White’s perspective reflects the brand’s insurgent attitude. In turn, Tomahawk’s quality products mirror the attitude of its team. Technical outerwear ranges from the tribal inspired prints of the P-White kit to the toweringly tall fit of the Totem Pole combo. Both kits sport 10K/10K waterproof/breathability ratings, vertical-venting systems, fully taped seams as well as a plethora of pockets in which to stash the goods. Lifestyle pieces include a hockey jersey—popular amongst the entire squad—and a unique coach’s jacket. Colorways stick to subtle earth tones and dark styles across the board.
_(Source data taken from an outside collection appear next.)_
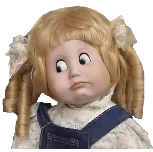 Perihalan Kandungan: a doll with blonde hair is wearing overalls and a white shirt
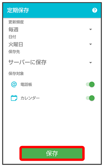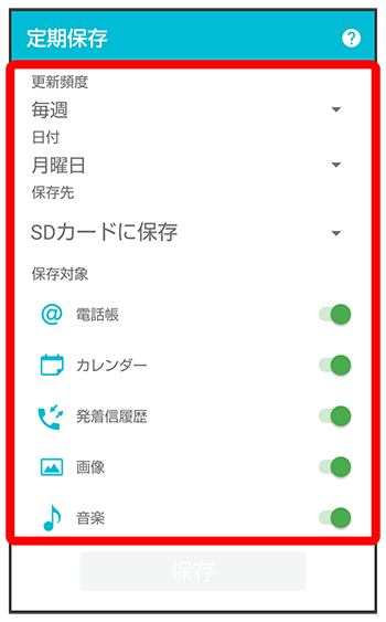 本体の電話帳データ/カレンダーデータ/発着信履歴データ/画像データ/音楽データ/動画データを、サーバー/SDカードに定期的に自動で保存します。
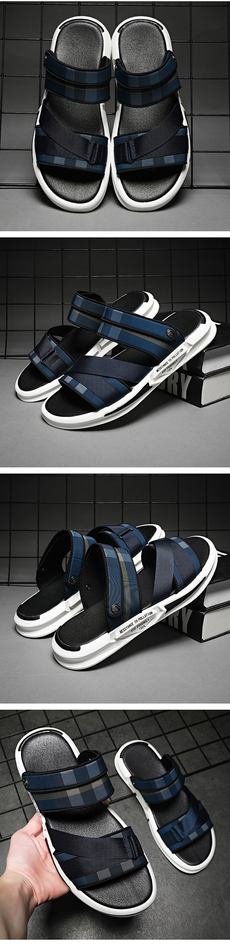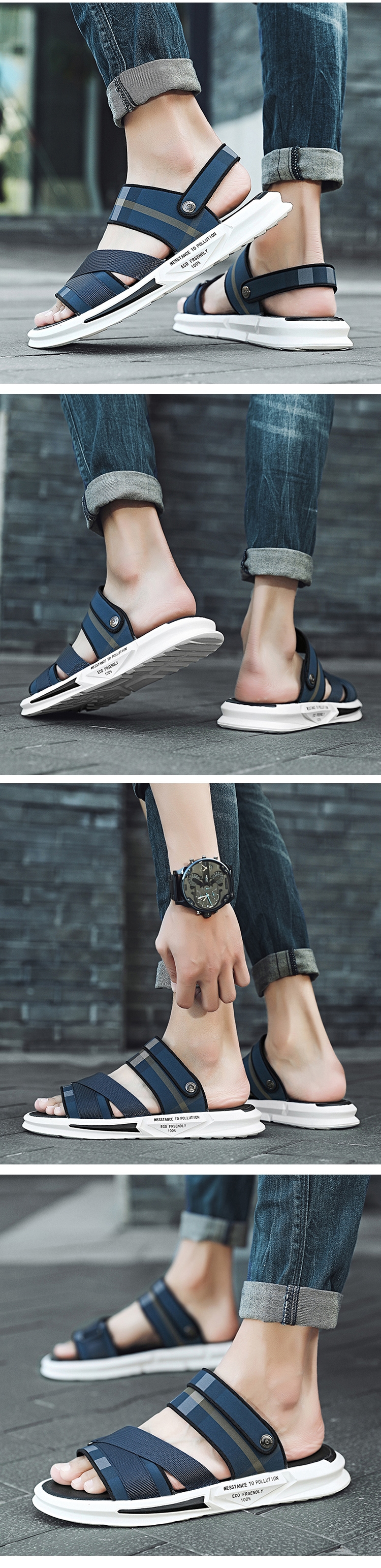 【Kiron】兩穿法時尚運動風格紋拼接休閒涼拖鞋 ( 藍 )

The strategy, according to Morgan, is “moving back to what works—not a lot of bells, whistles or stupid colors, just good product, good pricing and a hope that people are buying into what we’re selling.”

Tomahawk’s design process is entirely athlete inspired. Riders send in ideas for color schemes and different apparel styles, then Morgan and White narrow down the collection to a select few designs that they believe will appeal to a large audience.

From the beginning, Tomahawk’s mission with its product line has been to provide its extended tribe of consumers with the best bang for their buck. After dabbling with various retailers and making product available via backcountry.com in 2013, Tomahawk has made the switch to selling directly to consumers via its website in order to provide the best value. “If I can go direct to the consumer, keep dealing with my manufacturer and keep production costs as low as possible, my only objective is to return that cost savings back to the customer,” explains Morgan.

In the eyes of the Morgan-White duo, the goal of Tomahawk has and always will be giving like-minded individuals, from the brand’s athletes to its loyal followers, something to stand behind and believe in.

“If you have passion, a flag to wave and want to lead a team down the field, that team has got to believe in something,” says Morgan. “I want people to know that when we say, ‘bleed black,’ we’re just saying, ‘Be you, be honest and don’t try to be something that you’re not.’ We want our customers to be 110 percent of this brand. That’s the way we live and survive, with these people passing on this message and wearing our product.”

Tomahawk is still young and surviving on a day-to-day basis, but the commitment of the people behind the brand and its loyal following will certainly keep it as a beacon of light for those in the underground, bleeding black for the rebels, the wanderers, the Tribe.